ただ、いずれにせよトランプ氏が反中国的な政策を取ろうとしていることは事実である。裏にあるものは保護貿易の話だけではないような気もするが、投資家が当面気にするべきはそこだろう。ロジャーズ氏は原則としてトランプ政権の経済政策を評価しているものの、保護貿易が現実のものとなればアメリカもその他の国も大いに沈むと主張する。

トランプが本当にそうするつもりならば、投資家は持っているものをすべて売るべきだ。非常に、非常に深刻な問題が生じるからだ。

トランプが言葉通りに行動すれば、中国株は上昇することはない。そうなればどの国の株も上昇することはない。だから彼の言動を注視している。

一方で、ロジャーズ氏は中国株の一部のセクターにはそれでも強気である。

中国は環境問題に対処するために莫大な資金を注ぎ込んでいる。ヘルスケア事業も悲惨な状況だ。だから状況改善のために資金を注ぎ込んでいる。

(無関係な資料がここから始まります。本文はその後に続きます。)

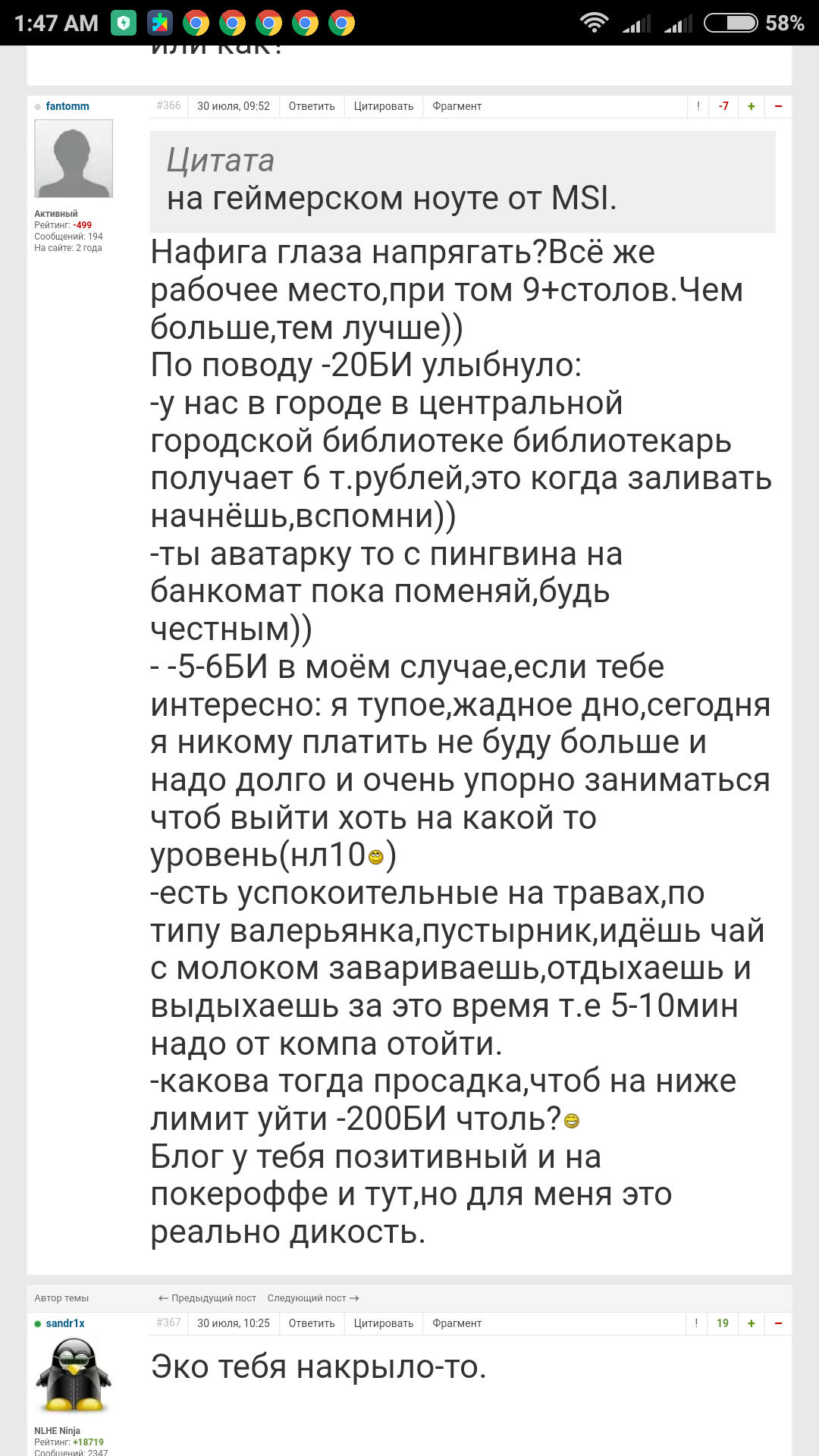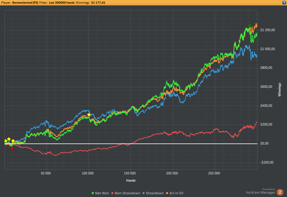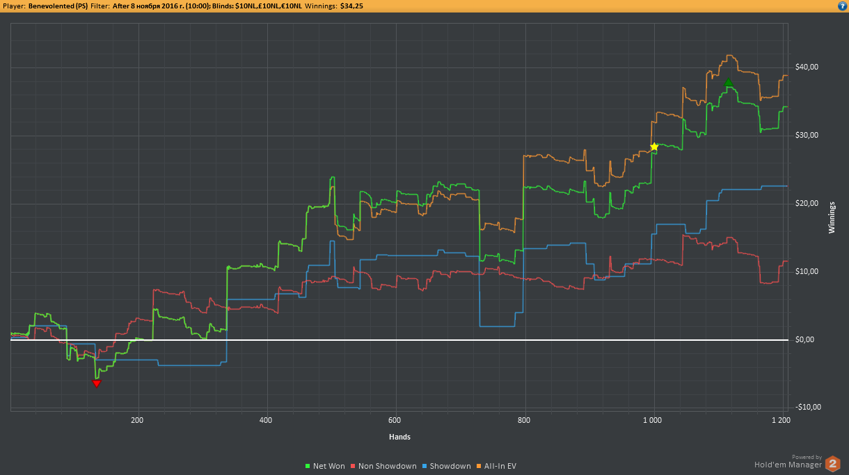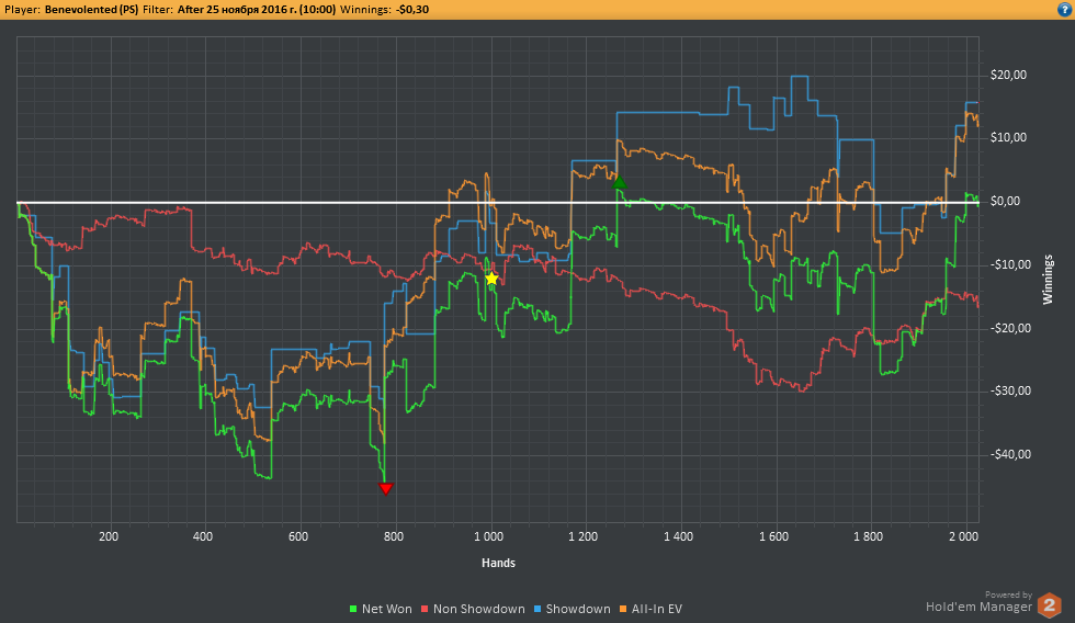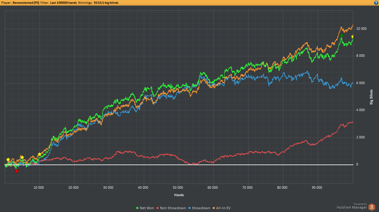 В который раз убеждаюсь, что я свой худший враг. Заливая 1 стек в тильте на 10к рук мы теряем 1бб/100 (у меня всё очень плохо с математикой если что, надеюсь, правильно посчитал). За 10к рук в тильте я заливаю пачки стеков и ничего с собой не могу поделать, но сейчас начал почитывать блог Сандрикса, где относительно этого есть интересные мысли (после того, как он за 1 сессию на нл100 залил 20БИ). Планирую по возвращению домой устроить себе терапию, скорее всего антидепрессантами, это будет интересный эксперимент, т.к. в покер я начинал и продолжаю играть в перманентном подавленном состоянии. Пора уже вылезать из депрессии, которая несомненно является фактором номер один в моей слабой игре. Я показываю А-игру около часа-полтора, при одном переезде впадаю в рейдж-мод, хотя играю я уже относительно давно и пора бы исключить тильт. Наигрыш упал в говно тоже, я любитель погриндить, но в какой-то момент я перегорел и голова отказывается больше 10-12 столов играть, максимум 20 минут выдерживаю.

中国経済の一部のセクターは、国際社会がどうなろうとも非常に好調となるだろう。

最後に、ロジャーズ氏はアメリカの政治家は世界を知らないとして皮肉を口にしている。わたしも日本の政治家は海外や外交を何も知らないといつも批判しているが、ロジャーズ氏から見たアメリカの政治家も同じようである。

ワシントンなどの人々のほとんどは、アジアで何が起こっているのかを理解していない。彼らは日本が落ち目だということを理解していない。北朝鮮と韓国が近いうちに統一されるということを理解していない。中国の台頭を理解していない。

世界の債権国を数えてみれば、それらはすべてアジアの国々だ。香港、台湾、韓国、日本、シンガポール、そしてロシアもだ。それが資産の在り処であり、人口動態が前向きな場所であり、エネルギーが存在するところなのだ。